Generating Classification Datasets

When you’re tired of running through the Iris or Breast Cancer datasets for the umpteenth time, sklearn has a neat utility that lets you generate classification datasets.

Its use is pretty simple. A call to the function yields a attributes and a target column of the same length

import numpy as np
from sklearn.datasets import make_classification

X, y = make_classification()
print(X.shape, y.shape)
(100, 20) (100,)

Customizing

Additionally, the function takes a bunch of parameters that allow you to modify your dataset including:

Number of samples and size of feature space

X, y = make_classification(n_samples=1000, n_features=10)
print(X.shape, y.shape)
(1000, 10) (1000,)

Number of linear combination/repeated features to trip up your models, or how many informative variables there are

X, y = make_classification(n_redundant=4, n_repeated=5, n_informative=10)

Number of classes you aim to predict (Note, the generation algorithm needs a balance between informative attributes and classes)

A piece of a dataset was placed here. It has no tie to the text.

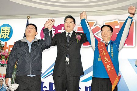 林正伟案发前曾打了两通电话给陈鸿源的竞选总干事、绰号“黑狗”的永和民众服务社理事长杜义凯(右),但杜都未接。图为去年3月25日,参选永和市长的杜义凯竞选总部成立,连胜文(中)与陈鸿源(左)为他站台。来源:台湾《中国时报》

X, y = make_classification(n_informative=4, n_classes=3)
print(np.unique(y))
[0 1 2]

And other, more technical elements

Sparse Datasets

One thing this functionality fails to do is generate sparse datasets. It’s not unreasonable to want to practice training algorithms on datasets with a huge class imbalance, make_classification() generally provides an even-ish split.

for _ in range(5):
    X, y = make_classification(10000)
    print(sum(y == 1))
5007
4997
5013
5015
5019

To get around this, we’re going to do a bit of pandas magicâ„¢.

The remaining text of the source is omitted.